Oak Street Health, which focuses on Medicare patients, complements Aetna’s Medicare Advantage business, and CVS has started co-locating these clinics with its retail pharmacies in various states.
The company has seen a solid performance from these new ventures, with Oak Street Health posting 32 percent sales growth in the last quarter and expanding to 207 centers.
Analysts suggest that these businesses could be spun off with Aetna if CVS were to split, but there is skepticism about whether selling them would be in CVS’s best interest given their current growth trajectory.
Investor Sentiment and Future Outlook
Despite the ongoing challenges, some analysts remain optimistic about CVS’s prospects. If CVS chooses to remain intact, management will need to execute significant changes to restore profitability and investor confidence.
Leerink Partners analyst Michael Cherny believes the company’s best path forward is to improve the insurance unit, which has been the primary drag on its earnings.
The CVS board has acknowledged that it is constantly evaluating strategies to create shareholder value, though it has not confirmed any plans to break up the company.

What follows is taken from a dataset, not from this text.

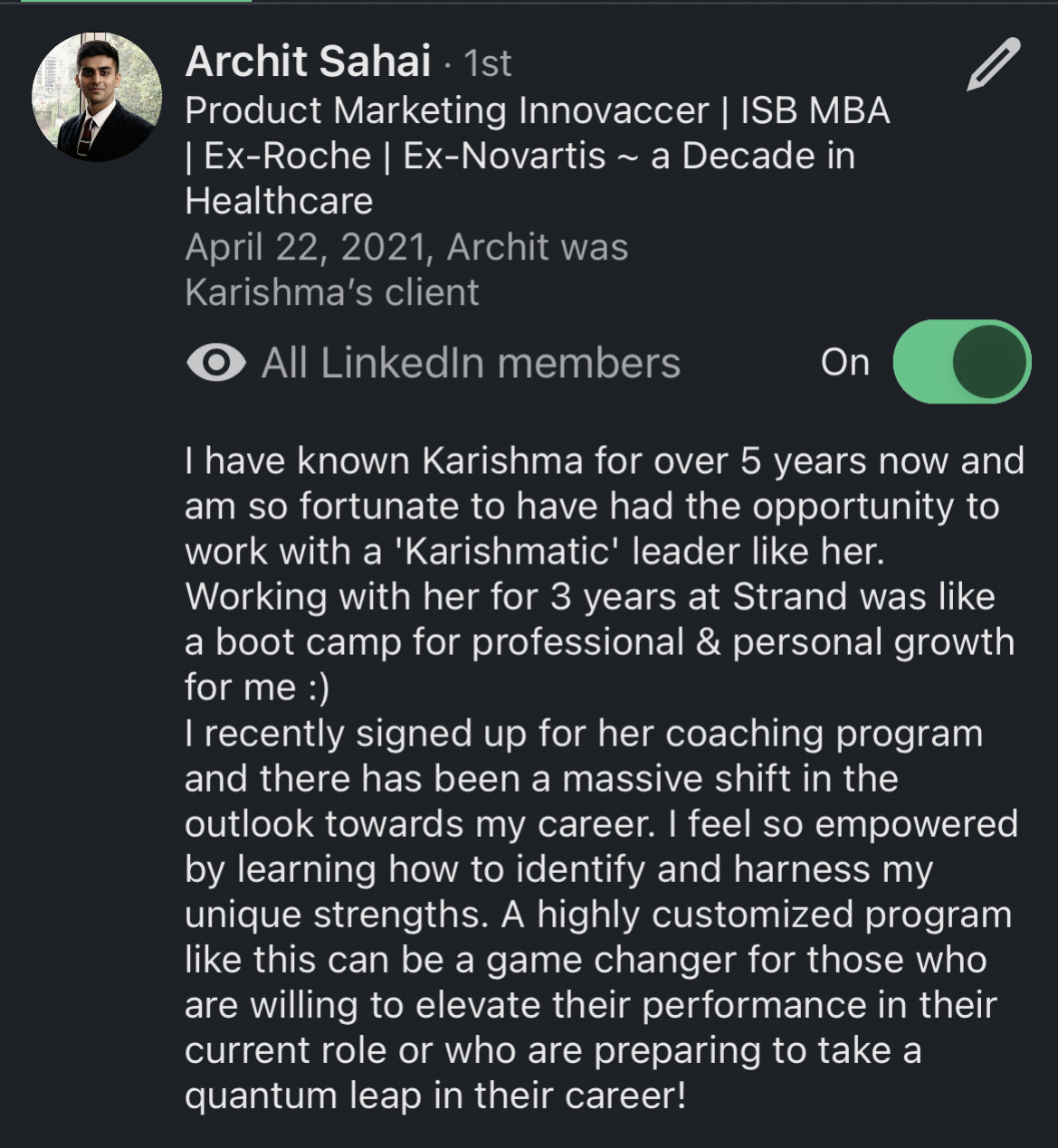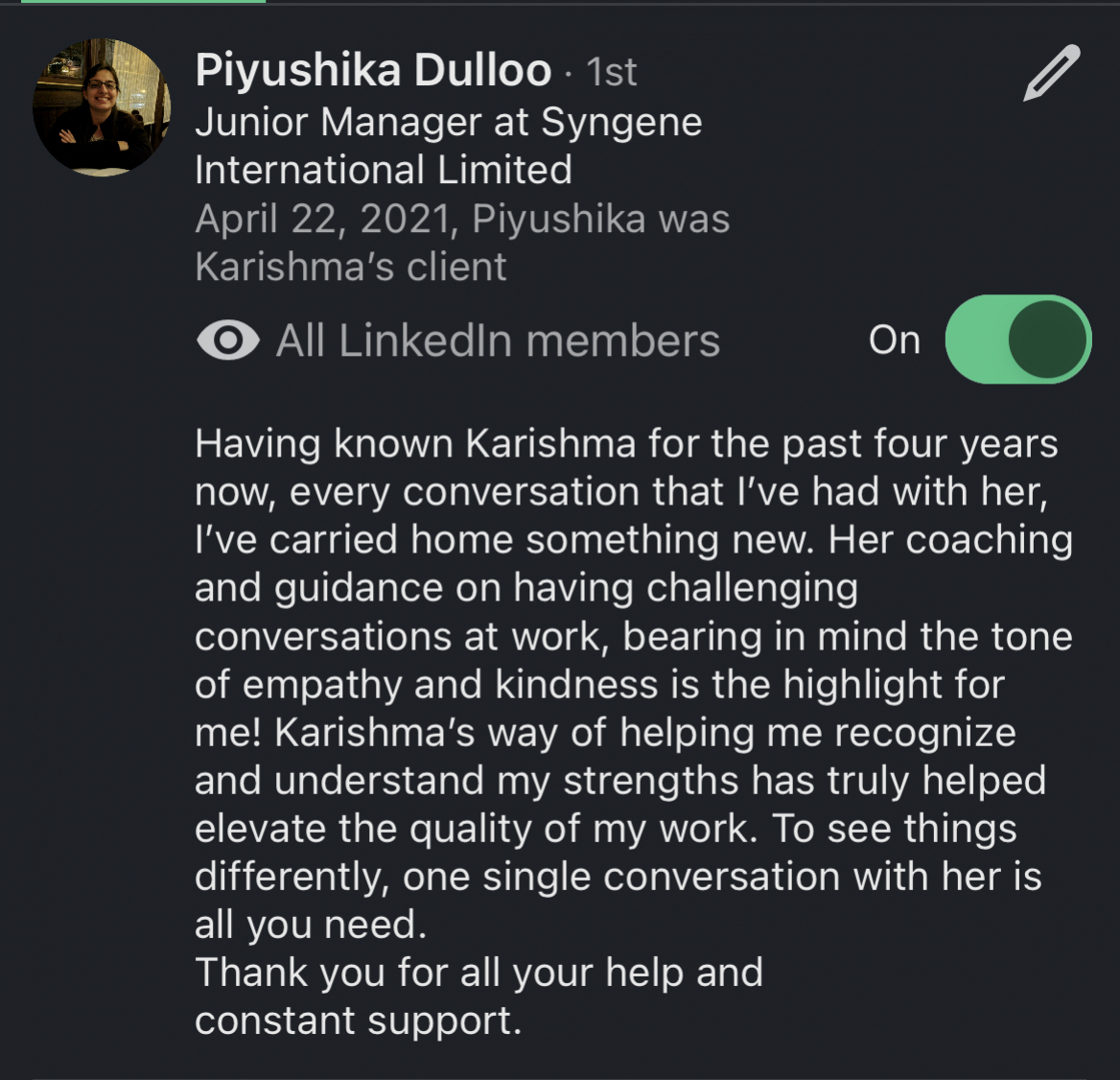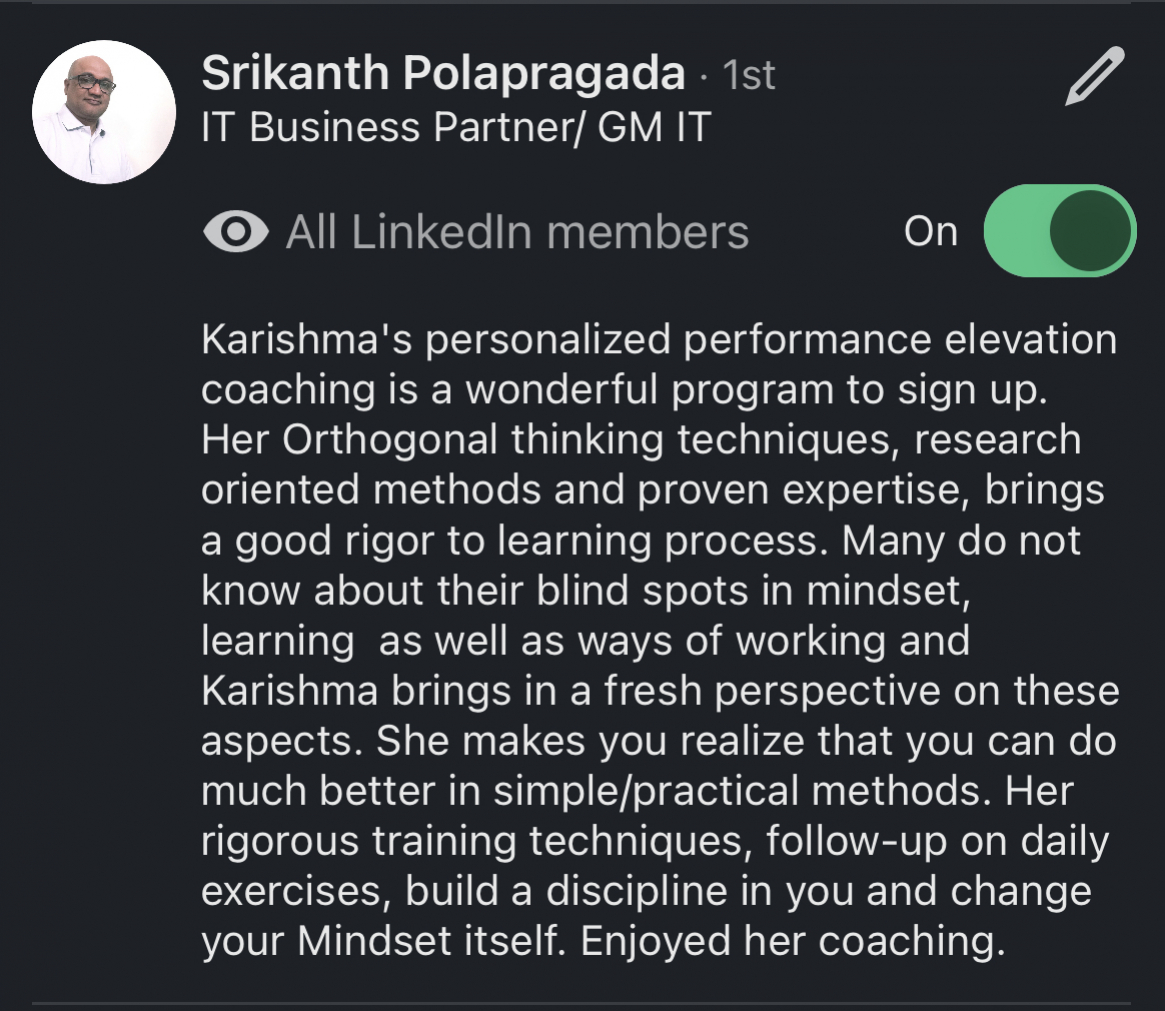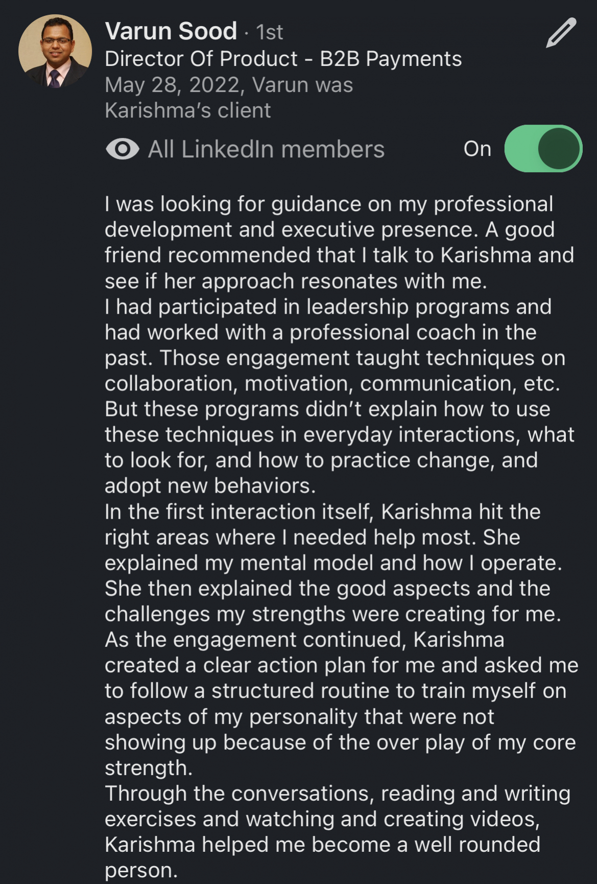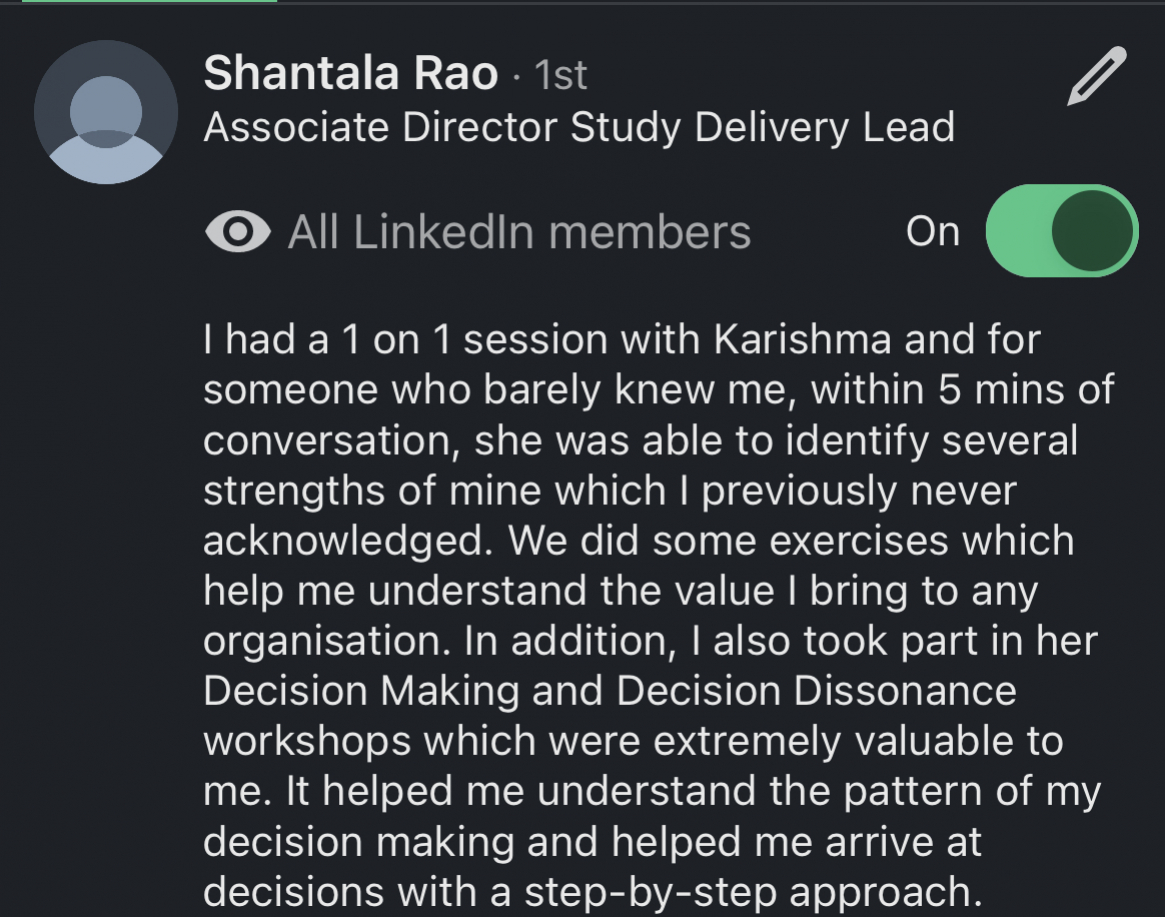 Hi, I'm Karishma! I have two decades of corporate experience having worked in both US and India for a decade each. In 15 years of people management, I’ve often been complimented for my depth of understanding people behaviour and my analytical bent of mind.

In a recent statement, CVS emphasized its commitment to delivering quality healthcare through its integrated model.
Looking Forward
As CVS approaches its November earnings call, shareholders are eagerly awaiting insights into the company’s strategic direction.
Whether CVS pursues a breakup or focuses on revitalizing its existing business segments, it is clear that the company faces pivotal decisions that could shape its future.
With the healthcare landscape evolving rapidly, CVS must carefully weigh its options to ensure it remains competitive while adapting to changing market conditions.